Although many are convinced that there are lessons or some kind of redemptive meaning to be drawn from the Holocaust, whether this is the case and what these lessons are is disputed. Communist states marginalized the topic of antisemitic persecution while eliding their nationals' collaboration with Nazism, a tendency that continued into the post-communist era. In West Germany, a self-critical memory of the Holocaust developed in the 1970s and 1980s, and spread to some other western European countries. The national memories of the Holocaust were extended to the European Union as a whole, in which Holocaust memory has provided both shared history and an emotional rationale for committing to human rights. Participation in this memory is required of countries seeking entry. In contrast to Europe, in the United States the memory of the Holocaust tends to be more abstract and universalized. During South African apartheid, the Holocaust was evoked widely and divergently, by Jews and non-Jews alike. Whether Holocaust memory actually promotes human rights is disputed.

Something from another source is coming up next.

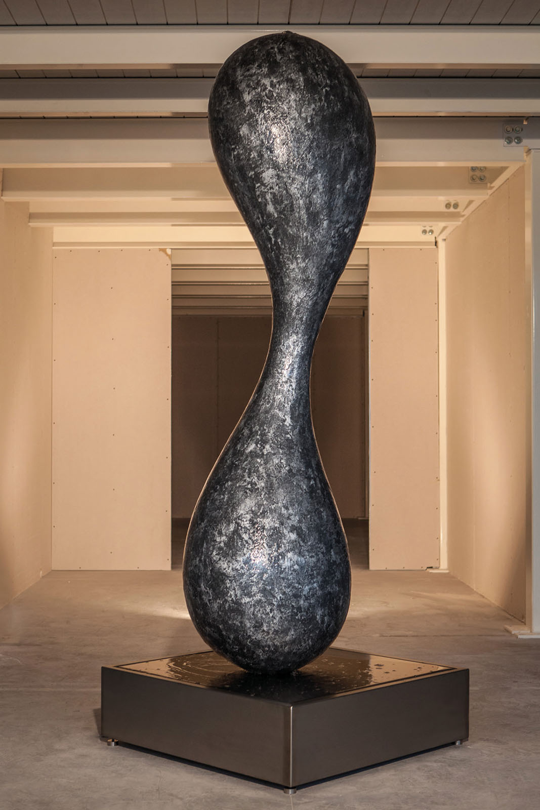 Three-dimensional solid element bathed by a veil of water. The surface is treated with hand-made artistic finish Materia. In this shot is with Materia Aluminum finish. The base on which it rests, made of stainless steel, contains inside all the automations to allow a continuous recirculation of water and make the system completely reliable in terms of safety. It works in plug & play mode thanks to the only electricity without the need for water connections. Water Sculpture contributes extremely effectively to the well-being and quality of life in interior places in which it is inserted by balancing air humidity and capturing airborne dust.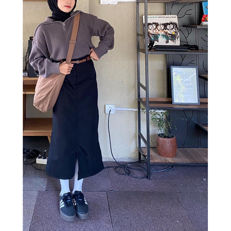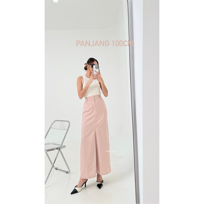 Rok Midi Wanita Hl Hana Korean Midi Skirt Y2K (L Series)

In Israel, the memory of the Holocaust has been used at times to justify the use of force and violation of international human rights norms, in particular as part of the Israeli–Palestinian conflict.

The Holocaust is the most well-known genocide in history, and is considered to be the single most infamous case of genocide in European history as well. It is the single most documented and studied genocide in history. It is also seen as the archetype of genocide and the benchmark in genocide studies.

The scholarly literature on the Holocaust is massive, encompassing thousands of books. The tendency to see the Holocaust as a unique or incomprehensible event continues to be popular among the broader public after being largely rejected by historians. Scholar Omer Bartov points out how the Holocaust was unique in that it was "the industrial killing of millions of human beings in factories of death, ordered by a modern state, organized by a conscientious bureaucracy, and supported by a law-abiding, patriotic 'civilized' society." Another debate concerns whether the Holocaust emerged from Western civilization or was an aberration of it.

The Jewish population still remains below pre-Holocaust levels. According to the Central Bureau of Statistics of Israel, the world Jewish population reached 15.2 million by the end of 2020—approximately 1.4 million less than on the eve of the Holocaust in 1939, when the number was 16.6 million.